** WHAT IS EXPECTED **
Beneath this line sits some data. Return only its lines from the one holding "Пасхальные куличи запечённые" through the one holding "Het lijkt misschien", inclusive, exactly, with the images removed.

** THE INPUT **
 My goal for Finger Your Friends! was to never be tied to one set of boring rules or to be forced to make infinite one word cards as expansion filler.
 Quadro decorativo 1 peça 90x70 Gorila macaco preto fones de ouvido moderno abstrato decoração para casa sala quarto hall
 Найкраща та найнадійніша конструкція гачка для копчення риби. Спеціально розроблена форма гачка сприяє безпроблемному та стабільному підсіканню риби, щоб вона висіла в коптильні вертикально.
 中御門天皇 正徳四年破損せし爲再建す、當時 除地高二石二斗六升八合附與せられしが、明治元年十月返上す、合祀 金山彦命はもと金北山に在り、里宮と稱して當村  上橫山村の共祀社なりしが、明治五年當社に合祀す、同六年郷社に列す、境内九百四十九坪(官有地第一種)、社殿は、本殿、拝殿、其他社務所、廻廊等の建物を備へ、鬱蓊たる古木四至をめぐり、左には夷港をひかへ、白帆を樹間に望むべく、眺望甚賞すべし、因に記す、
---
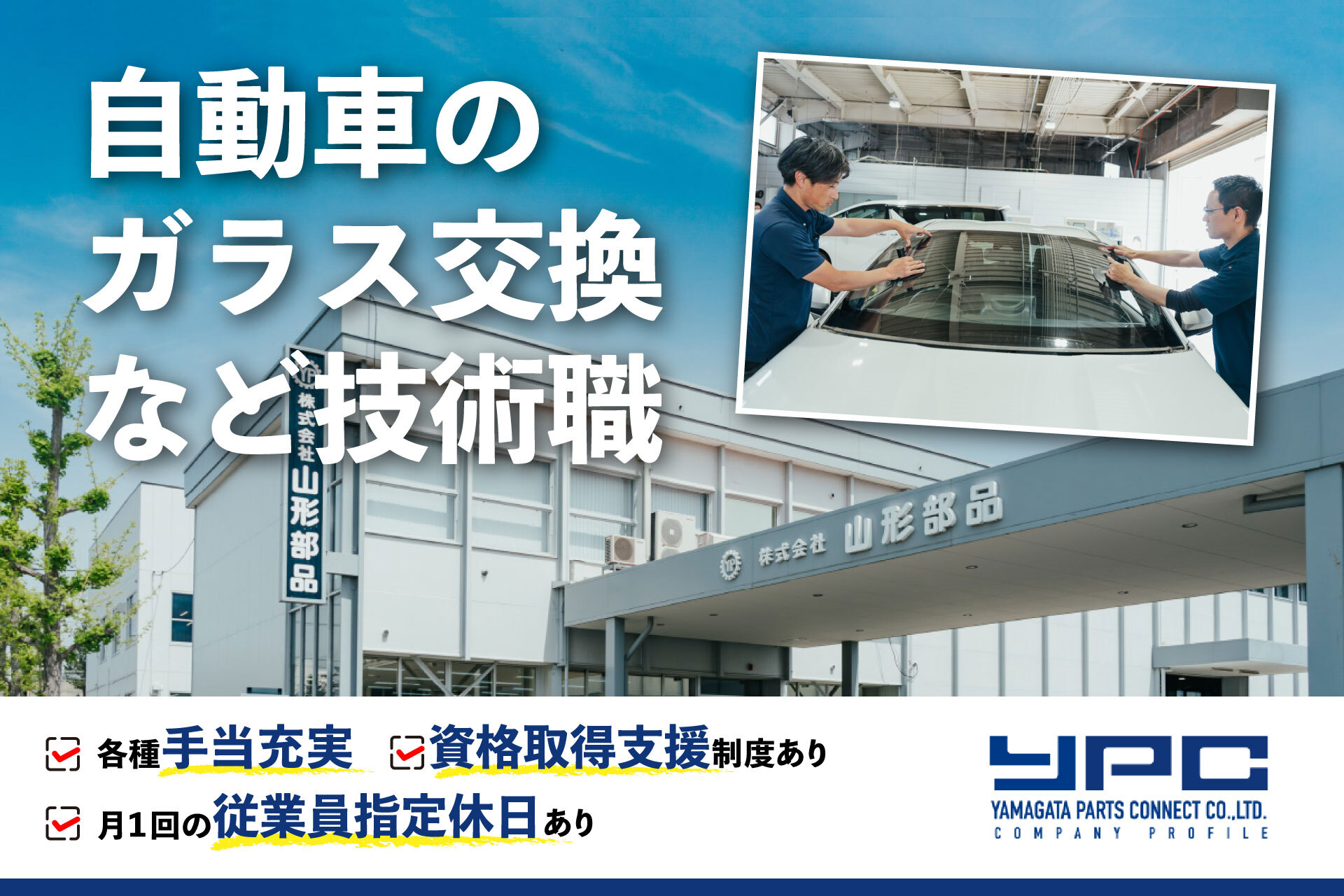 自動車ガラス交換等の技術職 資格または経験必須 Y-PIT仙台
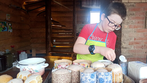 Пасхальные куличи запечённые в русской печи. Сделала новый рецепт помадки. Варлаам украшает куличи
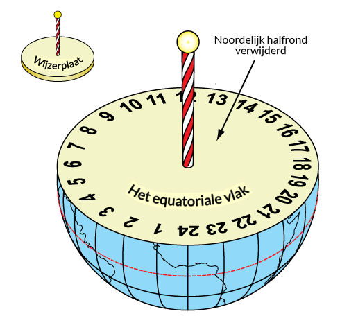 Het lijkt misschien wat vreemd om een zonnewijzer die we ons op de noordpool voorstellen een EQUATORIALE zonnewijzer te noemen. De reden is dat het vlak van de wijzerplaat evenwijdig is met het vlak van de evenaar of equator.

** REPLY **
 Пасхальные куличи запечённые в русской печи. Сделала новый рецепт помадки. Варлаам украшает куличи
 Het lijkt misschien wat vreemd om een zonnewijzer die we ons op de noordpool voorstellen een EQUATORIALE zonnewijzer te noemen. De reden is dat het vlak van de wijzerplaat evenwijdig is met het vlak van de evenaar of equator.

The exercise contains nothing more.